All had some interesting and arresting shots, but most of them became overwhelming in abundance, and they have an underlying bleakness with which I am all too familiar. I wasn't in the mood, I guess.

Then there's Sally. Sally's photos of her three kids and her rural Virginia surroundings have one thing the other photos don't: hope for the future. There's a tremendous determination in Mann's photos, an insistence on looking at the world around you, not as you want it to be, but as it is, and in admitting that it won't last. I get the feeling from her photos that life is brutal and gorgeous and worth fighting for, and that you'd better be ready to scrap. There's an unflinching tenderness in these photos that I've only seen so powerfully presented in Steinbeck novels, maybe, or in Emmylou Harris's voice.

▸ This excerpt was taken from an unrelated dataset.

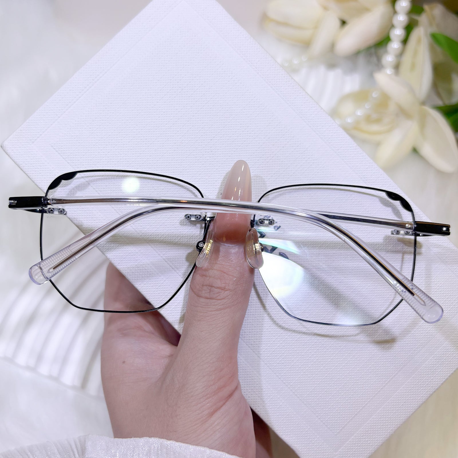 | Exclusive Design | These black rimless glasses feature sleek black line accents on the lenses, adding a subtle touch of edge. The translucent black temples are ultra-lightweight, offering both comfort and modern minimalist style.

It's like they're saying, "Keep trying. It's worth it."

29 September 2006

Maurice Denis, "Easter Mystery", 1891


I don't know my Bible very well, it seems, since I leapt from Easter to Easter egg hunt, as if that's really what Easter is: an excuse to hide eggs from children.

So of course Maurice Denis painted a disembodied hand taunting white-robed egg seekers with the missing egg. Of course he did.

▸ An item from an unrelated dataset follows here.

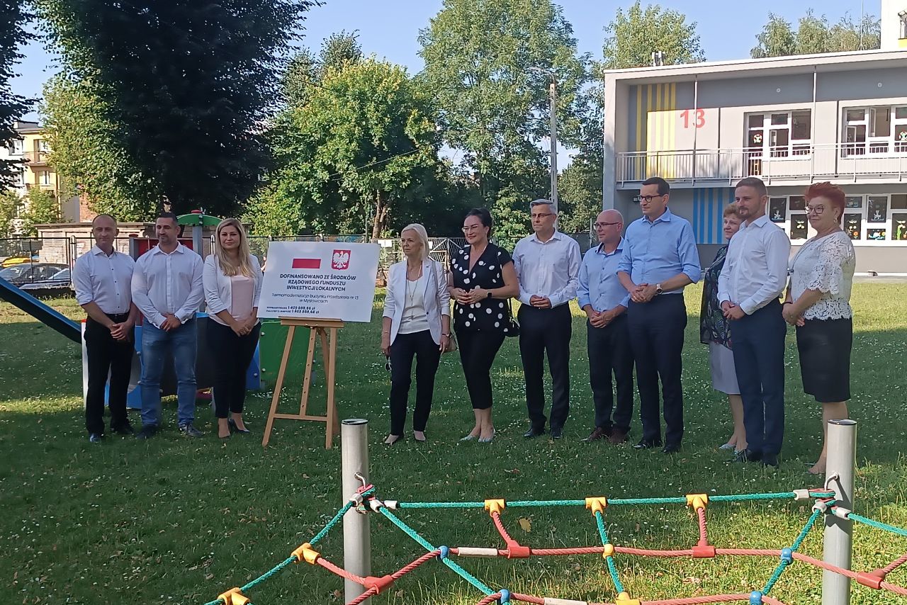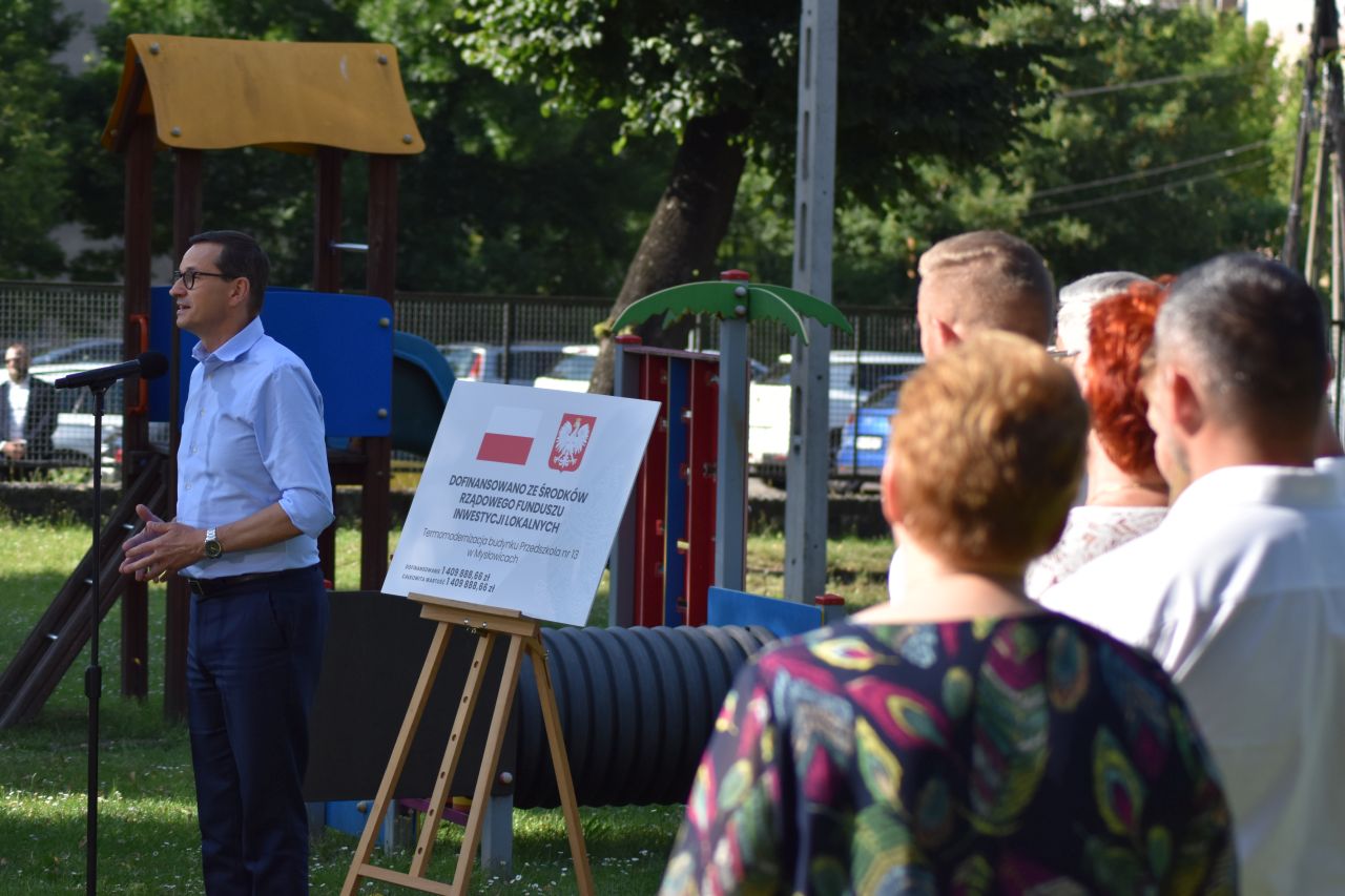 „Trzynastka” to jedno z trzech przedszkoli w naszym mieście, które w ubiegłym roku przeszły termomodernizację dzięki Rządowemu Funduszowi Inwestycji Lokalnych (więcej na ten temat tutaj). To właśnie tę placówkę odwiedził premier Morawiecki we wtorek 18 lipca po południu. Po przedszkolu oprowadziła go jego dyrektorka Barbara Ocieczek. Prezes Rady Ministrów spotkał się tu także m.in. z prezydentami Mysłowic, wojewodą śląskim i dziennikarzami.

Except that apparently that's the hand of God, and he's presenting the Eucharist, and I don't think we're supposed to think he's taunting anyone with it.

This is what happens when dopey unbelievers interpret religious art. The mystery and wonder of the Resurrection morphs into a bitter suburban American nightmare of fed-up soccer parents dressing their children in robes, hiding in trees, and wagging eggs in the air. April is the cruelest month in middle class mainstream America, after all.

Of course, my picture cuts off the tomb and the women on their knees at its door; hey, I thought they were searching the grass for their eggs.

But the Easter/egg connection is quite old, it seems, old enough that Mary Magdalene is said to have presented the Emperor of Rome with a red egg to inform him of the Resurrection and the bloodshed of Christ, etc. So for real, Denis might've painted an egg here, and I might be more informed than I thought.

I quite love Denis and his gently gothic-mystery forest scenes, with their robed women fleeing or striding or moseying around. He is Emily Bronte crossed with M. Night Shyamalan.

But this truly is the Worst. Hand of God. Ever. Michaelangelo, he ain't.

27 September 2006

Sunday Afternoon on the Island of...holy crap, that's a lot of dots


I was in Chicago this past weekend, so I got took a good long gander at Georges Seurat's masterpiece. There sure are a lot of dots on that thing. It's so carefully built -- imagine if we really were characters in this painting, and we had to stand at right angles at all times. Unless we were a dog or a monkey.

I don't know about you, but I too like to take my monkey out for walks in the park, especially when I'm wearing my enormous bustle.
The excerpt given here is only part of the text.